Aim for an exact copy of the listing, without any images.

▶ MATERIAL PROVIDED:
########################################

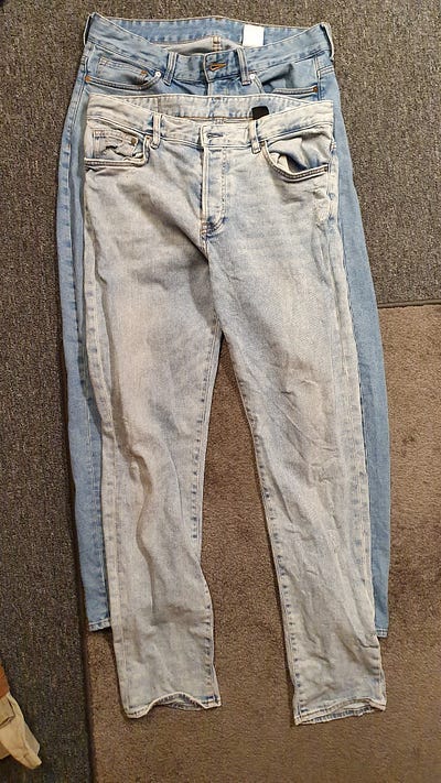 Usually doesn’t result in much cash. I actually sold the second, the washed-out jeans for 10€ on eBay, since these pair was even wider: 33, and was the first one to be dumped in order to embrace a
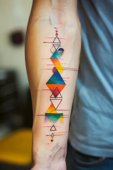 This bold and edgy LGBTQ+ pride tattoo features a striking line of triangles and diamonds stacked vertically down the forearm. Each shape is filled with rich splashes of rainbow color, blending into each other like a modern watercolor painting. Sharp black outlines and minimalist lines balance the softness of the colors, giving the whole piece a clean, contemporary vibe. It s abstract, artsy, and so full of personality.
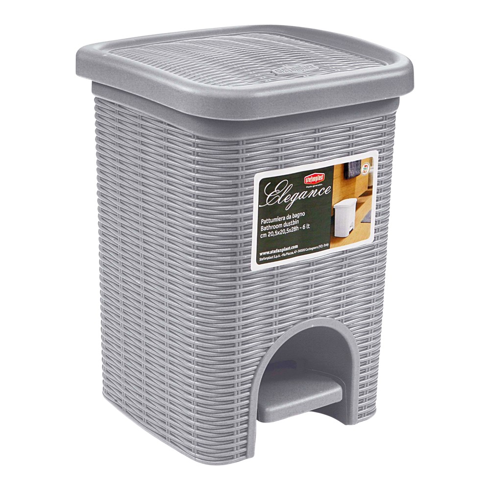The waste bin "Elegance" by Stefanplast produced in high quality polypropylene is ideal for storing waste in your home. With a square shape and a capacity of 6 liters, it is more than enough for any type of environment. The neutral gray color easily adapts to all types of environments. The pedal opening makes this bin incredibly practical. Dimensions: height 28 cm x width 20.5 cm x depth 20.5 cm.
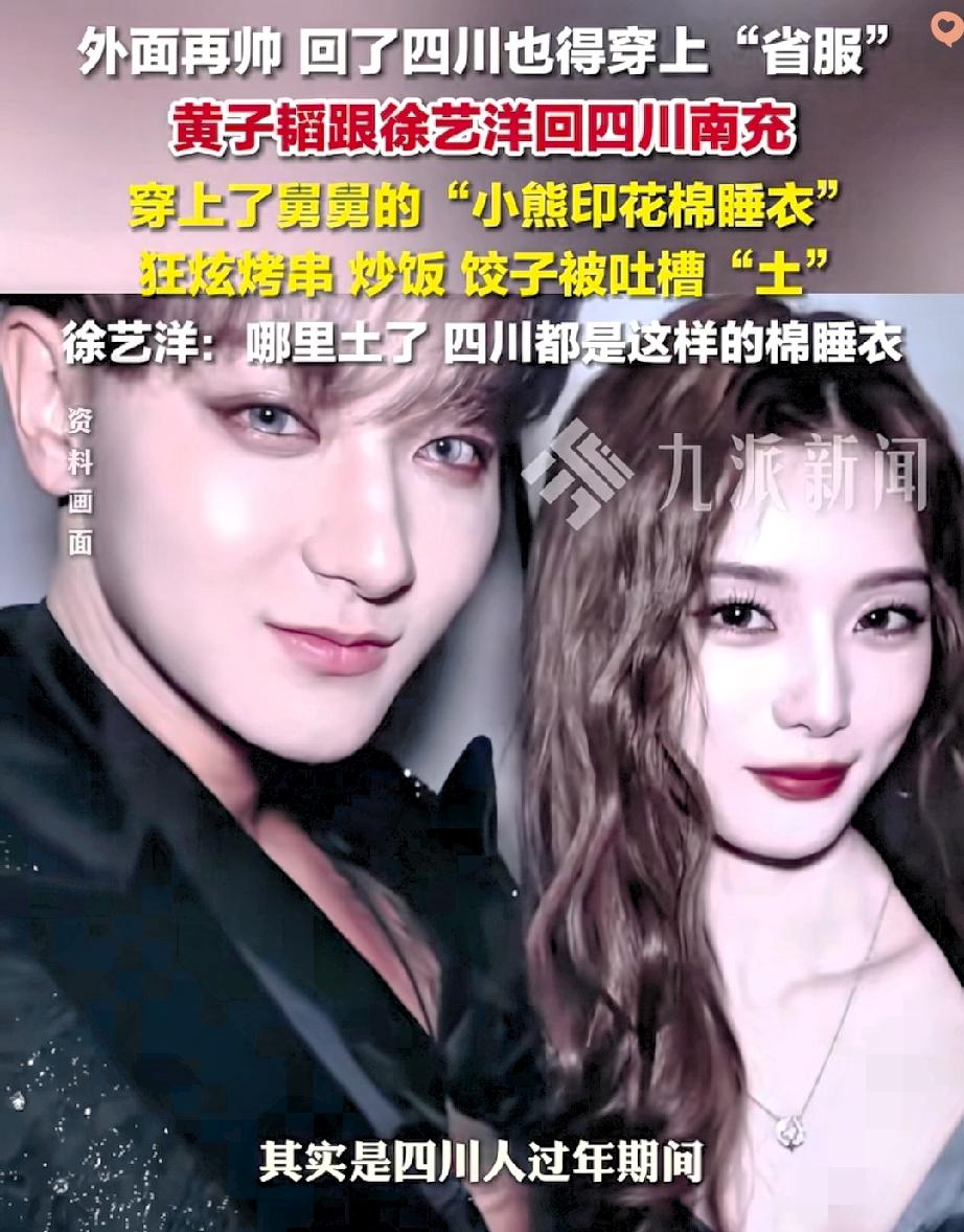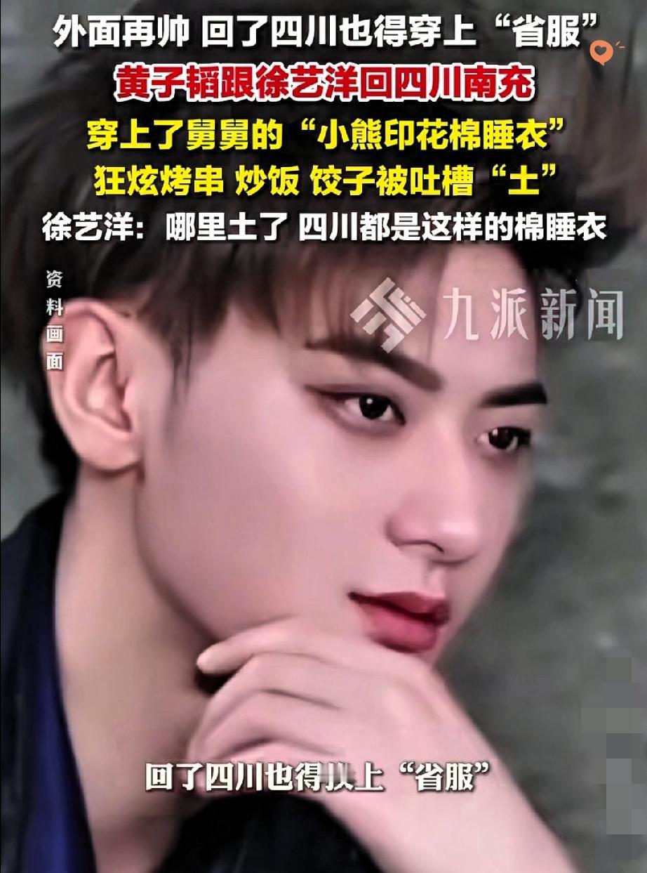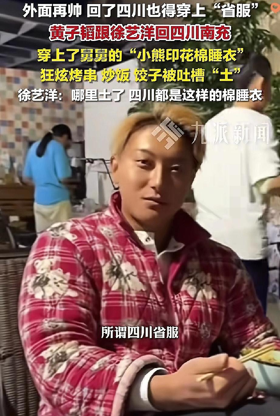黄子韬,冲上热搜! 这次不是舞台高光,而是被四川“省服”彻底拿捏了。 2月23日,黄子韬陪徐艺洋回四川南充过年,直接穿上舅舅的大花棉睡衣,瞬间卸下所有明星光环,妥妥融入当地年味。 网友笑称:再拽的明星,回川当女婿也逃不过省服“入职考验”。 有人说这身穿搭又土又丑,可我反倒觉得,这才是最真实的人间烟火。 不端架子、不搞排场,愿意穿长辈的旧衣服,踏实融入爱人的家庭,这份松弛与真诚,比任何精致造型都圈粉。 明星也是普通人,最好的状态从不是完美人设,而是自在舒服、真心待人。 你觉得黄子韬穿省服接地气吗,是不是越看越可爱?

########################################

▶ PROBLEM SOLUTION:
 Usually doesn’t result in much cash. I actually sold the second, the washed-out jeans for 10€ on eBay, since these pair was even wider: 33, and was the first one to be dumped in order to embrace a
 This bold and edgy LGBTQ+ pride tattoo features a striking line of triangles and diamonds stacked vertically down the forearm. Each shape is filled with rich splashes of rainbow color, blending into each other like a modern watercolor painting. Sharp black outlines and minimalist lines balance the softness of the colors, giving the whole piece a clean, contemporary vibe. It s abstract, artsy, and so full of personality.
The waste bin "Elegance" by Stefanplast produced in high quality polypropylene is ideal for storing waste in your home. With a square shape and a capacity of 6 liters, it is more than enough for any type of environment. The neutral gray color easily adapts to all types of environments. The pedal opening makes this bin incredibly practical. Dimensions: height 28 cm x width 20.5 cm x depth 20.5 cm.
黄子韬,冲上热搜! 这次不是舞台高光,而是被四川“省服”彻底拿捏了。 2月23日,黄子韬陪徐艺洋回四川南充过年,直接穿上舅舅的大花棉睡衣,瞬间卸下所有明星光环,妥妥融入当地年味。 网友笑称:再拽的明星,回川当女婿也逃不过省服“入职考验”。 有人说这身穿搭又土又丑,可我反倒觉得,这才是最真实的人间烟火。 不端架子、不搞排场,愿意穿长辈的旧衣服,踏实融入爱人的家庭,这份松弛与真诚,比任何精致造型都圈粉。 明星也是普通人,最好的状态从不是完美人设,而是自在舒服、真心待人。 你觉得黄子韬穿省服接地气吗,是不是越看越可爱?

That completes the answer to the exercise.